We further conclude this interpretation supports the general intent of the parties, as reflected in the lease, to place environmental risks on Varo. The lease was automatically extended until Varo complied with all environmental laws. Varo would require possession of the property if further clean up was necessary and whether such cleanup was needed could only be determined with proper sampling, testing, and verification. Moreover, until confirmatory testing was performed on the property, it would be impossible for the parties to determine whether or not the lease was extended and therefore still in effect. We conclude the evidence is legally and factually sufficient to support the jury's finding that Varo breached the lease. We resolve the first issue against appellants.

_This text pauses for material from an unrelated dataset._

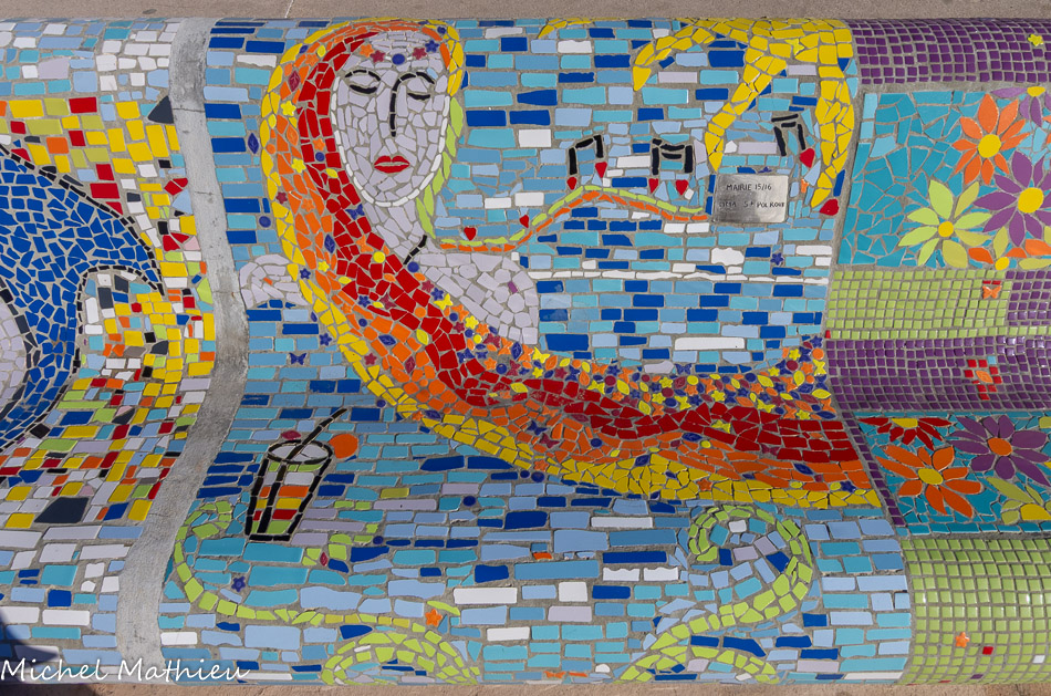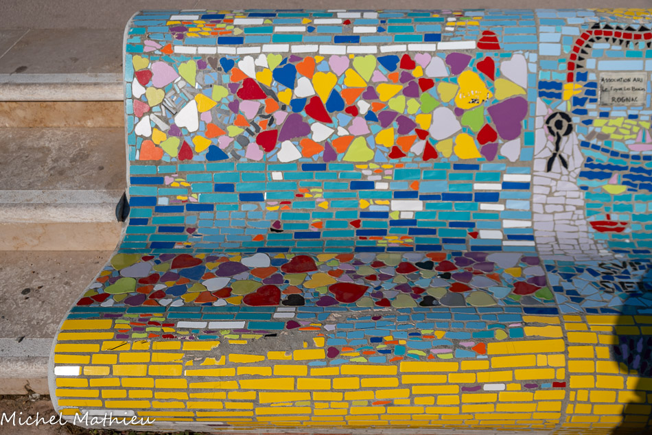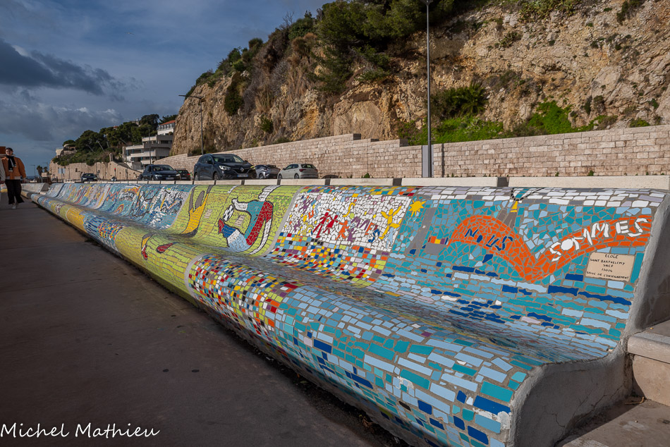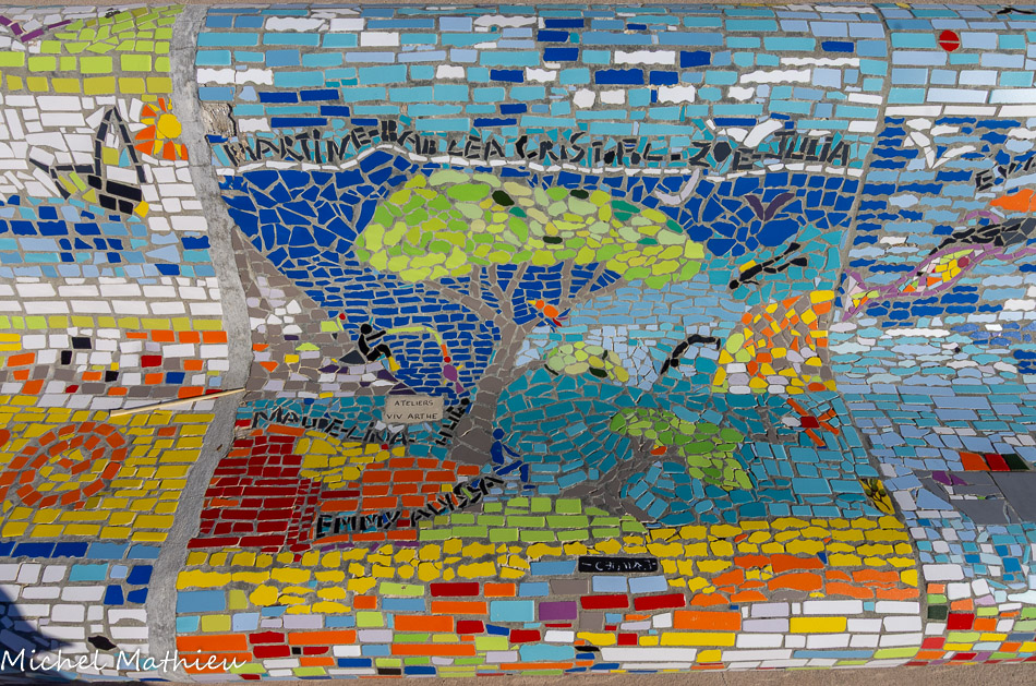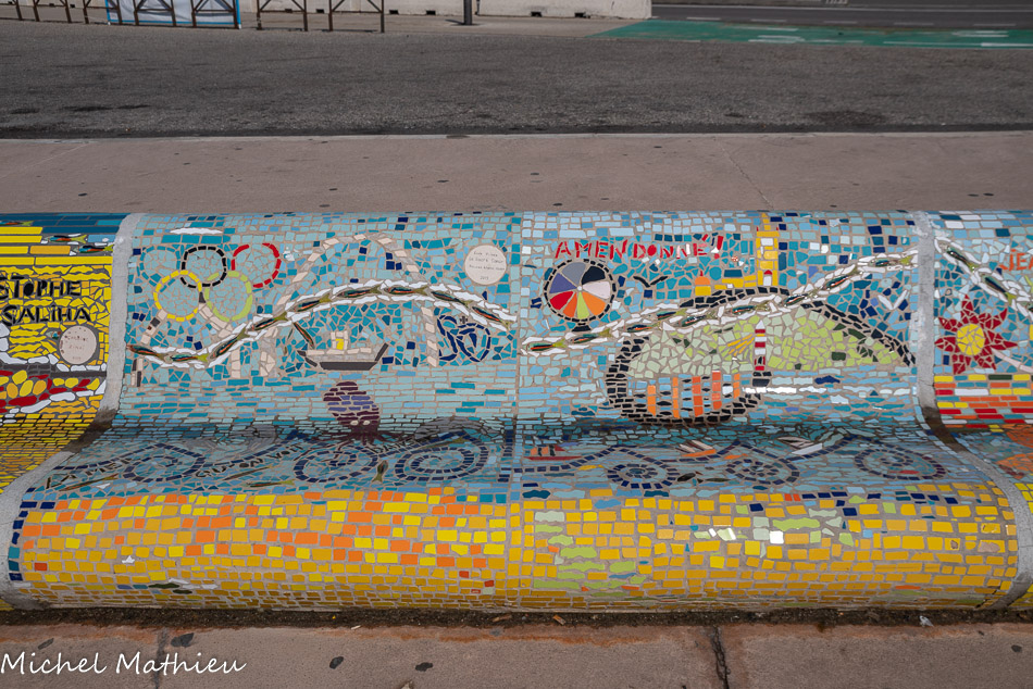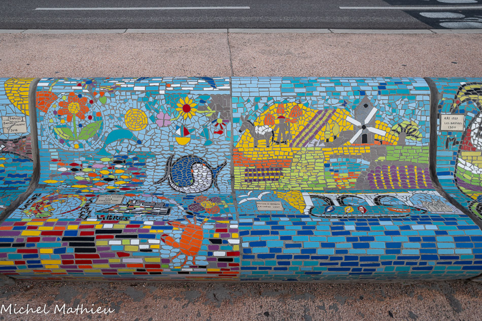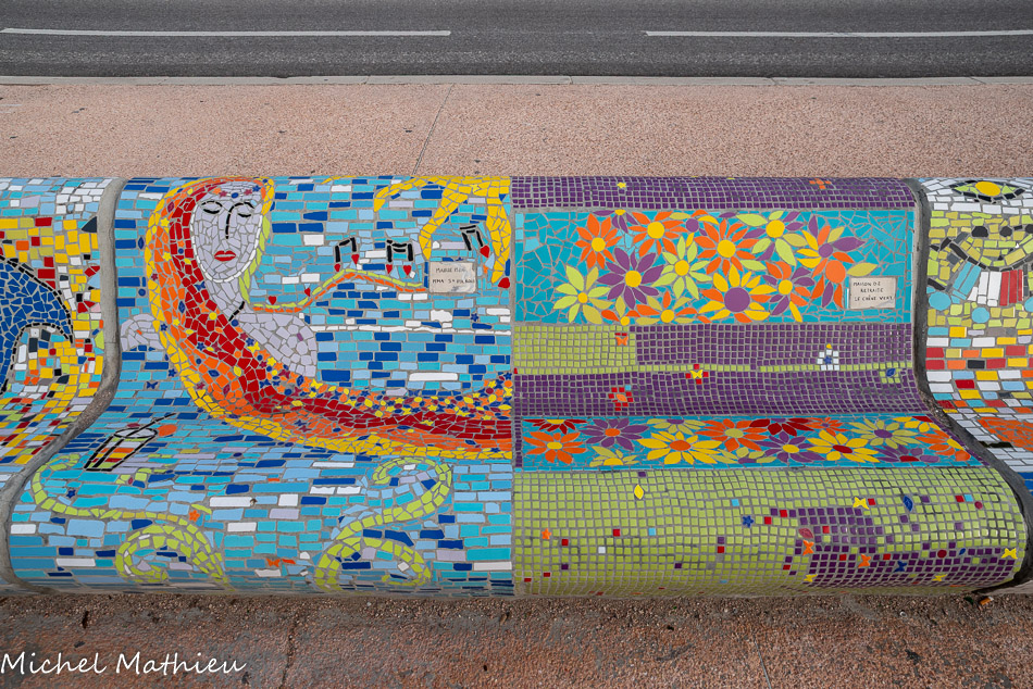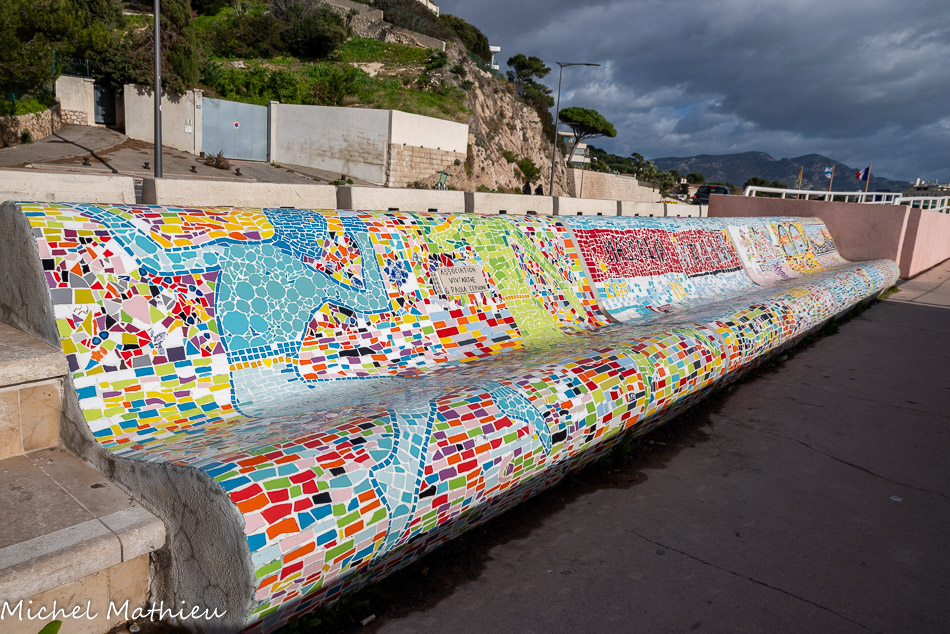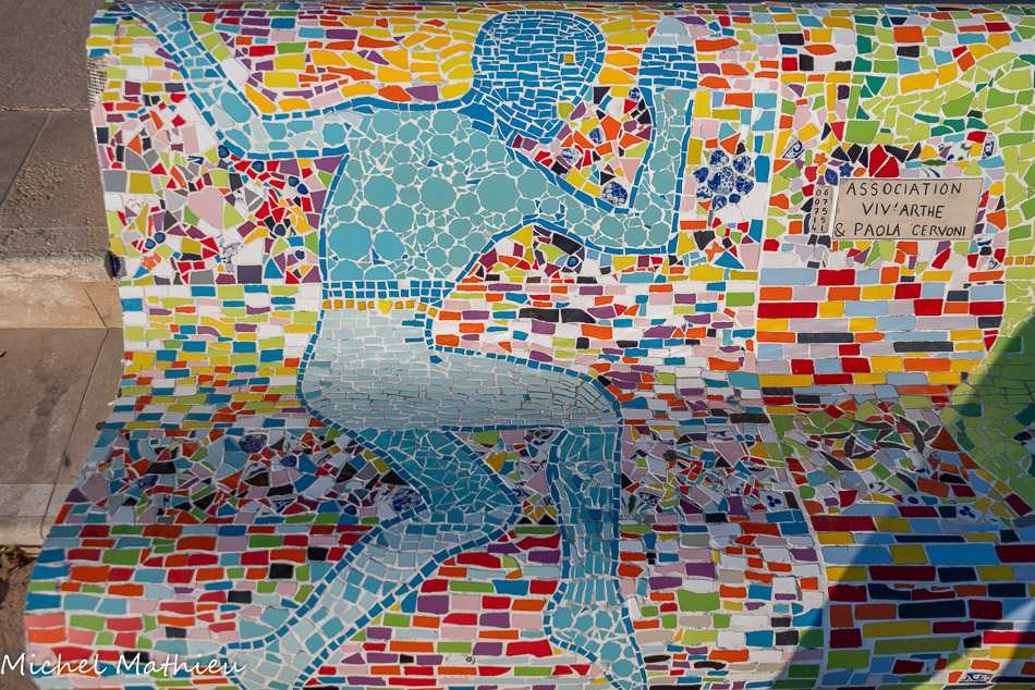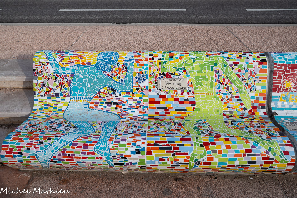 Depuis 2015, Paola Cervoni, à la tête de l’association Viv’arthe, aidée par 12 000 bén.évoles, habille le banc de mosaïques. Elle fait appel aux écoles, aux associations, aux familles. La création de la mosaïque se fait en atelier, mais ce sont toujours des bénévoles qui posent les fresques sur le banc de béton brut. Des sponsors ou des mécènes permettent la continuation de ce projet, ce qui a permis d'embaucher des jeunes céramistes. Depuis sa création il n'y a pas eu une seule dégradation.

In its second issue, appellants contend that an environmental violation never existed on the property and thus the lease term was not extended. As of September 30, 2002, the termination date of the lease, the water on the property was classified as a "class three groundwater bearing unit" and contaminates detected on the property exceeded State guidelines for such groundwater. Appellants nevertheless rely on a determination made by the TCEQ in 2003 that the water on the property was nongroundwater bearing. This determination was important because it altered the limits for various contaminants and established the prior levels had been within acceptable limits for a nongroundwater bearing unit. It is undisputed that as of the lease termination date, the TCEQ classified the site as a class three groundwater bearing unit and the levels of certain contaminates found on the site at that time exceeded State limits. Varo admitted it was willing to accept this classification at that time and the cleanup it conducted was for a groundwater bearing unit. In fact, Varo did not contest the classification until after the lease expired. Because the water on the property was classified as groundwater bearing as of the lease termination date and because the contaminates on the property exceeded State guidelines for such groundwater, an "environmental violation" was "found to exist" at the relevant time. Once the violation was found to exist, the lease was extended until Varo completed all remedial actions in accordance with the VCP. We resolve the second issue against appellants.
In its third issue, appellants contend the trial court erred in failing to instruct the jury that the TCEQ's 2003 determination that the property was a nongroundwater bearing unit was "conclusive." The TCEQ's 2003 determination did not effect whether the lease was extended in 2001. Thus, that determination would not have been relevant to the question before the jury. We resolve this issue against appellants.
Because of our disposition of these issues, we need not reach appellants' remaining issues. We affirm the trial court's judgment.